▶ _What you will do_:
The full set of lines below has to be duplicated exactly, with no picture kept.

+++ Raw data +++

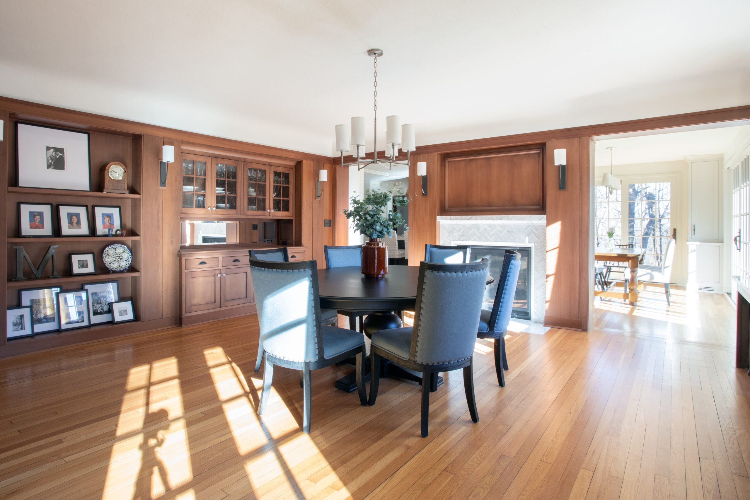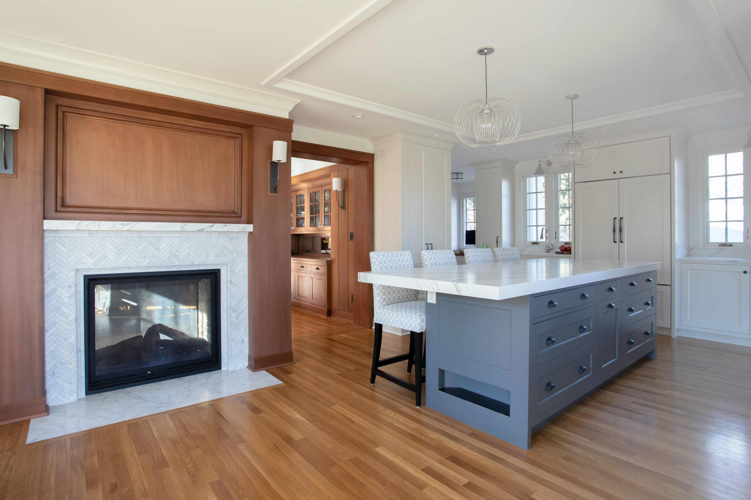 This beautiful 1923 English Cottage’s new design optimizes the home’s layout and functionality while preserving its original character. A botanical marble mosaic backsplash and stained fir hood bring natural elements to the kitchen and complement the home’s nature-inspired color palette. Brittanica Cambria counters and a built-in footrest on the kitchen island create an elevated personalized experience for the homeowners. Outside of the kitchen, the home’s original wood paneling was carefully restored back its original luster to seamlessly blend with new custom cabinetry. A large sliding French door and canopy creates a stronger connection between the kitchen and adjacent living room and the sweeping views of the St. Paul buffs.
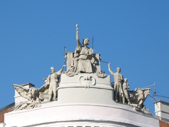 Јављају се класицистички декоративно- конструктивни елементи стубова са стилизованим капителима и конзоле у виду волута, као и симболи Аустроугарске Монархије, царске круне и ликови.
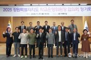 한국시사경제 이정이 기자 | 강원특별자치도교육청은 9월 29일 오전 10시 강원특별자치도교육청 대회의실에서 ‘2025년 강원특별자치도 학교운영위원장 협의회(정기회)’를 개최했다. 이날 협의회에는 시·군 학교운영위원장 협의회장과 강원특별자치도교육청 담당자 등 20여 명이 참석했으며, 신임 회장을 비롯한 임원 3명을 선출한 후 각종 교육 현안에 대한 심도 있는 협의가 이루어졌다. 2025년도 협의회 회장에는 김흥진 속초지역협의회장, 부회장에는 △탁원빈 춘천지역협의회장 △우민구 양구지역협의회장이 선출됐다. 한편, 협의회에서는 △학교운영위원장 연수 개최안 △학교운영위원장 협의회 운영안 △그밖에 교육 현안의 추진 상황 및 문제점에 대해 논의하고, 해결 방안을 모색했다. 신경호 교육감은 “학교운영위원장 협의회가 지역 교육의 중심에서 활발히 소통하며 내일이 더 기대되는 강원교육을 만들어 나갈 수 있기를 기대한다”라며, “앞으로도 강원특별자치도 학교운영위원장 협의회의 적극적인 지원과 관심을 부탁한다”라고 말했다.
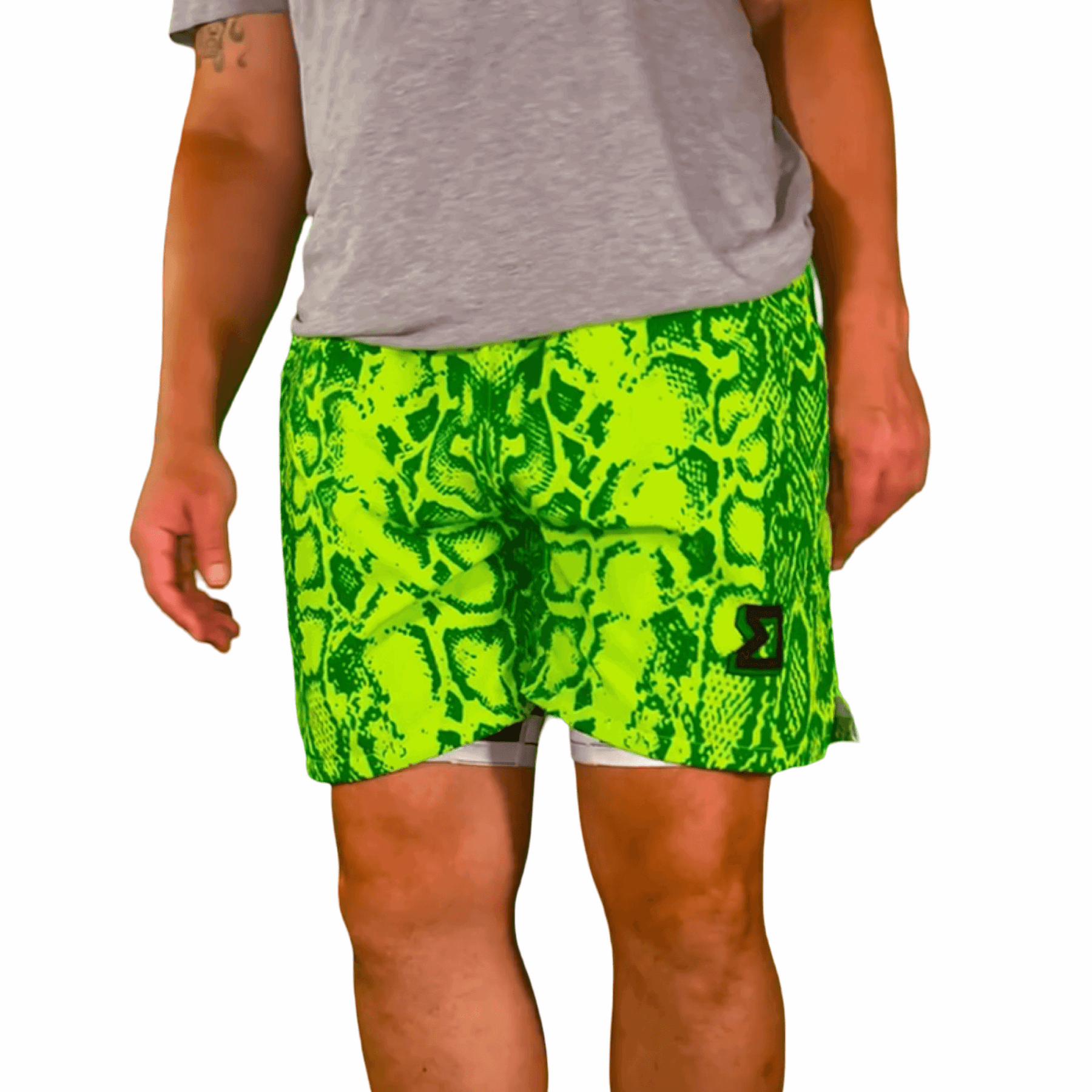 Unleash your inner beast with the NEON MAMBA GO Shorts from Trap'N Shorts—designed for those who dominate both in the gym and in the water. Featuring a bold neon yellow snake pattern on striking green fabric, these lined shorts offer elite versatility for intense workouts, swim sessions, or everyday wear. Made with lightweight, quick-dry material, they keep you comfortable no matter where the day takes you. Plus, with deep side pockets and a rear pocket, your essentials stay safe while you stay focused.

+++

▶ _Final answer_:
 This beautiful 1923 English Cottage’s new design optimizes the home’s layout and functionality while preserving its original character. A botanical marble mosaic backsplash and stained fir hood bring natural elements to the kitchen and complement the home’s nature-inspired color palette. Brittanica Cambria counters and a built-in footrest on the kitchen island create an elevated personalized experience for the homeowners. Outside of the kitchen, the home’s original wood paneling was carefully restored back its original luster to seamlessly blend with new custom cabinetry. A large sliding French door and canopy creates a stronger connection between the kitchen and adjacent living room and the sweeping views of the St. Paul buffs.
 Јављају се класицистички декоративно- конструктивни елементи стубова са стилизованим капителима и конзоле у виду волута, као и симболи Аустроугарске Монархије, царске круне и ликови.
 한국시사경제 이정이 기자 | 강원특별자치도교육청은 9월 29일 오전 10시 강원특별자치도교육청 대회의실에서 ‘2025년 강원특별자치도 학교운영위원장 협의회(정기회)’를 개최했다. 이날 협의회에는 시·군 학교운영위원장 협의회장과 강원특별자치도교육청 담당자 등 20여 명이 참석했으며, 신임 회장을 비롯한 임원 3명을 선출한 후 각종 교육 현안에 대한 심도 있는 협의가 이루어졌다. 2025년도 협의회 회장에는 김흥진 속초지역협의회장, 부회장에는 △탁원빈 춘천지역협의회장 △우민구 양구지역협의회장이 선출됐다. 한편, 협의회에서는 △학교운영위원장 연수 개최안 △학교운영위원장 협의회 운영안 △그밖에 교육 현안의 추진 상황 및 문제점에 대해 논의하고, 해결 방안을 모색했다. 신경호 교육감은 “학교운영위원장 협의회가 지역 교육의 중심에서 활발히 소통하며 내일이 더 기대되는 강원교육을 만들어 나갈 수 있기를 기대한다”라며, “앞으로도 강원특별자치도 학교운영위원장 협의회의 적극적인 지원과 관심을 부탁한다”라고 말했다.
 Unleash your inner beast with the NEON MAMBA GO Shorts from Trap'N Shorts—designed for those who dominate both in the gym and in the water. Featuring a bold neon yellow snake pattern on striking green fabric, these lined shorts offer elite versatility for intense workouts, swim sessions, or everyday wear. Made with lightweight, quick-dry material, they keep you comfortable no matter where the day takes you. Plus, with deep side pockets and a rear pocket, your essentials stay safe while you stay focused.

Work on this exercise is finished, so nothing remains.